Dipartimento di Matematica, Università di Pavia, Via Ferrata 1, Pavia, Italy.
Math Biosci. 2011 Apr;230(2):96-114. doi: 10.1016/j.mbs.2011.02.002. Epub 2011 Feb 15.
Published studies have investigated the relevance of cardiac virtual electrode responses to unipolar cathodal and anodal stimulations for explaining the make and break excitation mechanisms. Most of these studies have considered 2D bidomain models or cylindrical domains that by symmetry reduce to the 2D case, so the triggering mechanisms and onset of excitation have not yet been fully elucidated in 3D anisotropic models. The goal of this work is to revisit these excitation mechanisms with 3D bidomain simulations considering two tissue types with unequal anisotropy ratio, including transmural fiber rotation and augmenting the Luo-Rudy I membrane model with the so-called funny and the electroporation currents. In addition to usual snapshots of transmembrane potential patterns, we compute from the action potential waveforms the activation time and associated isochrone sequences, yielding a detailed 3D description of the instant and location of excitation origin, shape and propagation of activation wavefronts. A specific aim of this work is to detect the location of the excitation onset and whether its trigger mechanism is (a) electrotonic, i.e. originating from discharge diffusion of currents flowing between virtual cathodes and anodes and/or (b) membrane-based, i.e. arising only from intrinsic depolarizing membrane currents. Our results show that the electrotonic mechanism is observed independently of the degree of unequal anisotropy in diastolic anode make and systolic cathode break. The membrane-based mechanism is observed in diastolic cathode make, diastolic anode break, only for a relative weak anisotropy, and systolic anode break. The excitation trigger mechanism, the location of the excitation origin and the pattern of the isochrone sequence are independent of the degree of anisotropy for diastolic cathode make, systolic cathode and anode break, while they might depend on the degree of anisotropy for diastolic anode make and break. Moreover, the tissue anisotropy has a strong influence on the threshold amplitude of the stimulation pulse triggering these mechanisms.

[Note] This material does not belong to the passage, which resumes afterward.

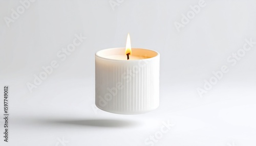 Glowing White Candle Flame Floating On Clear White Backdrop With Soft Shadow

已发表的研究调查了心脏虚拟电极对单极阴极和阳极刺激的反应与解释产生和中断兴奋机制的相关性。这些研究大多考虑了 2D 双域模型或圆柱域,这些模型通过对称简化为 2D 情况,因此在 3D 各向异性模型中,触发机制和兴奋起始尚未得到充分阐明。这项工作的目的是通过考虑两种具有不等各向异性比的组织类型的 3D 双域模拟来重新研究这些兴奋机制,包括跨壁纤维旋转,并在用所谓的有趣和电穿孔电流增强 Luo-Rudy I 膜模型。除了通常的跨膜电位模式快照外,我们还从动作电位波形计算激活时间和相关等时序列,从而对兴奋起源的瞬间和位置、激活波阵面的形状和传播进行详细的 3D 描述。这项工作的一个具体目标是检测兴奋起始的位置及其触发机制是(a)电紧张的,即起源于虚拟阴极和阳极之间流动的电流的放电扩散,还是(b)基于膜的,即仅源于内在去极化膜电流。我们的结果表明,电紧张机制独立于舒张期阳极产生和收缩期阴极中断的各向异性程度而被观察到。基于膜的机制仅在舒张期阴极产生、舒张期阳极中断、相对较弱的各向异性和收缩期阳极中断时被观察到。兴奋触发机制、兴奋起源的位置和等时序列模式独立于舒张期阴极产生、收缩期阴极和阳极中断的各向异性程度,而它们可能依赖于舒张期阳极产生和中断的各向异性程度。此外,组织各向异性对触发这些机制的刺激脉冲的阈值幅度有很强的影响。